Please realize two things. Firstly, Adobe is no longer support Flash for Android. That means it won’t get stability updates, security updates, etc. If you have issues with Flash, then too bad — Adobe isn’t going to fix it. Secondly, even while Adobe was supporting Flash for Android, it was a hit or miss. On some devices it would work well, on some devices it wouldn’t. Downloading Flash after Adobe stopped supporting won’t make it magically work with all devices and all browsers.

My personal opinion is that you don’t need Flash on Android and you shouldn’t download it. However, if you insist… keep reading to learn how.

Download Flash Directly From Adobe

Although Adobe has removed Flash Player from Play Store, the latest version of Flash Player for Android is still available via Adobe’s website — you just need to sideload it onto your device. Do the following to install Flash on Android:

  • Enable installation from ‘Unknown Sources’ on your device. If you are on Honeycomb or Jelly Bean (Android 3.x and 4.x), this option can be found under System settings -> Security. On other versions of Android, such as Gingerbread (Android 2.3.x) and Froyo (Android 2.2.x), this option is found in Settings -> Applications. Make sure ‘Unknown Sources’ is checked. You will be prompted with a warning which you must accept before this option will be enabled.
  • Download Flash Player v11.1.102.59 for Android.
    • You can either download it directly to your Android device or download it to your computer. If you download the APK to your computer, you need to transfer it to your Android device. This can be done via USB cord or wirelessly using something like AirDroid.
  • Once you have the Flash Player APK on your Android device, use a file manager to navigate to the file and install it.
  • Done.

Download Flash Using Flash Downloader

Flash Downloader is a third-party app by the people at Modaco. The process of installing Flash using Flash Downloader is almost exactly the same as the process mentioned above. The difference is Flash Downloader automatically downloads the Flash Player APK for Android as opposed to you having to manually grab it from Adobe’s website.

To install Flash Player for Android using Flash Downloader, do the following:

  • Enable installation from ‘Unknown Sources’ on your device. If you are on Honeycomb or Jelly Bean (Android 3.x and 4.x), this option can be found under System settings -> Security. On other versions of Android, such as Gingerbread (Android 2.3.x) and Froyo (Android 2.2.x), this option is found in Settings -> Applications.
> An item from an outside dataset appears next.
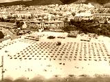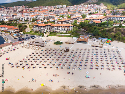 Aerial photography, drone view of sunbeds on the beach in Sveti Vlas. Panoramic view of resort in Sveti Vlas in Bulgaria. Summer holiday in Europe.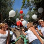 To color the bachelorete party, even women who dare. After all, on this special occasion, exaggerating it a bit ‘granted. Here, then, the invited with lovely wreaths of flowers in their hair and holding colorful balloons ready to be launched.

Make sure ‘Unknown Sources’ is checked. You will be prompted with a warning which you must accept before this option will be enabled.
  • Download and install Flash Downloader from Play Store.
  • Once Flash Downloader is installed, run Flash Downloader and it will automatically download the Flash Player APK from Adobe.
  • Wait while it downloads.
  • Once the Flash Player APK has finished downloading, pull down your notification bar and tap on the download to install Flash Player for Android.
  • Done.

Conclusion

Although I still recommend *not* using Flash on Android, if you really want it, you now have it. Enjoy!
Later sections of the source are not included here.